Malang, 5 Januari 2025 – Universitas Brawijaya (UB) menutup rangkaian perayaan Dies Natalis ke-62 dengan Sidang Pleno Terbuka Majelis Wali Amanat (MWA) yang digelar di Gedung Samantha Krida Budaya. Pada puncak acara ini, Prof. Asfi Manzilati, ME, dari Fakultas Ekonomi dan Bisnis UB, menyampaikan orasi ilmiah bertema “Optimalisasi Wakaf dan Syirkah untuk Pendidikan Tinggi dan Kesejahteraan Semua”.
Dalam orasinya, Prof. Asfi mengulas tantangan utama yang dihadapi pendidikan tinggi di Indonesia, yakni keterjangkauan dan keberlanjutan pembiayaan. Dengan jumlah penduduk Indonesia yang mencapai 280 juta jiwa, hanya 6,68% atau sekitar 18,74 juta jiwa yang dapat menikmati pendidikan tinggi. Hal ini menunjukkan masih tingginya hambatan keterjangkauan, yang sebagian besar dipengaruhi oleh ketergantungan pada sistem pembiayaan Uang Kuliah Tunggal (UKT).
Sebagai Perguruan Tinggi Negeri Berbadan Hukum (PTNBH) sejak 2022, Universitas Brawijaya memiliki peluang dan tanggung jawab untuk menciptakan sistem pembiayaan pendidikan yang lebih mandiri. “Perguruan tinggi tidak bisa lagi sepenuhnya bergantung pada UKT. Kita harus mencari sumber pembiayaan berkelanjutan yang dapat mendukung operasional sekaligus meningkatkan akses pendidikan,” ungkap Prof. Asfi.

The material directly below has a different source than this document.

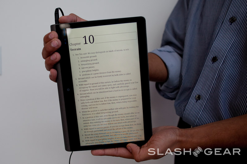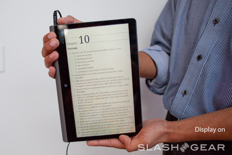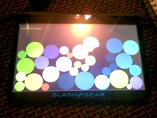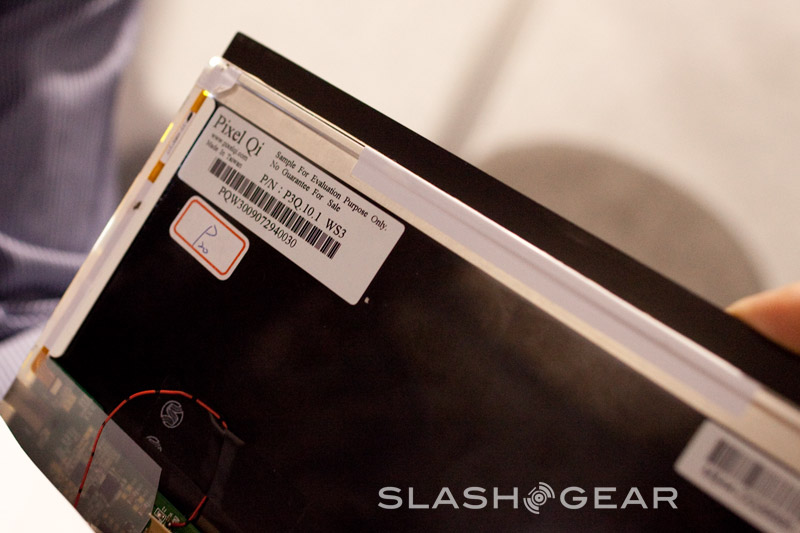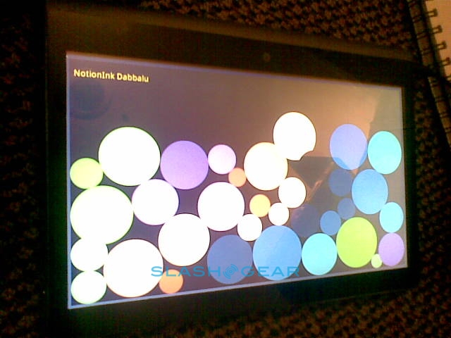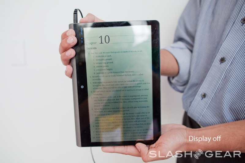 Pixel Qi's technology means you can operate the display in two different modes: as full color LCD for use indoors or in a low-power reflective mode that actually gets brighter the more direct sunlight falls upon it. This latter mode is comparable to E Ink in its appearance, but Pixel Qi can still show smooth, responsive video (and slightly muted colors). Users will be able to manually switch the backlighting on or off, or leave it set to automatic and have the Adam toggle it itself. Notion Ink also offered to take the Adam out into direct sunlight so SlashGear could exclusively see the screen performance there.

Wakaf: Solusi Pembiayaan Berkelanjutan
Prof. Asfi menyoroti wakaf sebagai salah satu solusi terbaik untuk pembiayaan pendidikan tinggi. Dengan sifatnya yang kekal dan manfaat jangka panjang, wakaf memungkinkan pengelolaan aset yang memberikan dampak positif tidak hanya bagi institusi pendidikan tetapi juga masyarakat luas. Wakaf juga dinilai lebih unggul dibandingkan dana abadi karena keharusan menjaga keabadian harta wakaf dan penggunaannya untuk kemaslahatan.
Syirkah: Mendorong Income-Generation dan Hilirisasi
Selain wakaf, Prof. Asfi juga menyoroti pentingnya syirkah sebagai bentuk kemitraan strategis yang dapat mendukung pengelolaan aset tangible seperti lahan dan laboratorium, serta aset intangible seperti paten dan teknologi. Syirkah dinilai mampu menciptakan keberlanjutan pembiayaan dengan menghasilkan pendapatan melalui bisnis sektor riil dan hilirisasi hasil akademik.
“Melalui mekanisme wakaf dan syirkah, perguruan tinggi dapat bertransformasi menjadi motor penggerak ekonomi yang berkelanjutan. Tata kelola yang transparan dan akuntabel sangat diperlukan, dengan melibatkan trustee serta pengelola zakat, infak, dan sedekah,” jelas Prof. Asfi.
Empat Pilar Strategi Pembiayaan
Dalam orasinya, Prof. Asfi merumuskan empat pilar utama dalam strategi pembiayaan pendidikan tinggi:
- Pergeseran sumber dana dari UKT ke non-UKT.
- Alokasi dana untuk kebutuhan operasional dan investasi.
- Pengelolaan dana sesuai dengan spesifikasi sumbernya.
- Pemanfaatan pembiayaan untuk kesejahteraan masyarakat luas.
Dengan strategi ini, Universitas Brawijaya diharapkan mampu memperluas akses pendidikan yang berkualitas dan menjadikannya lebih terjangkau bagi seluruh lapisan masyarakat, sejalan dengan amanat UUD 1945 untuk mencerdaskan kehidupan bangsa.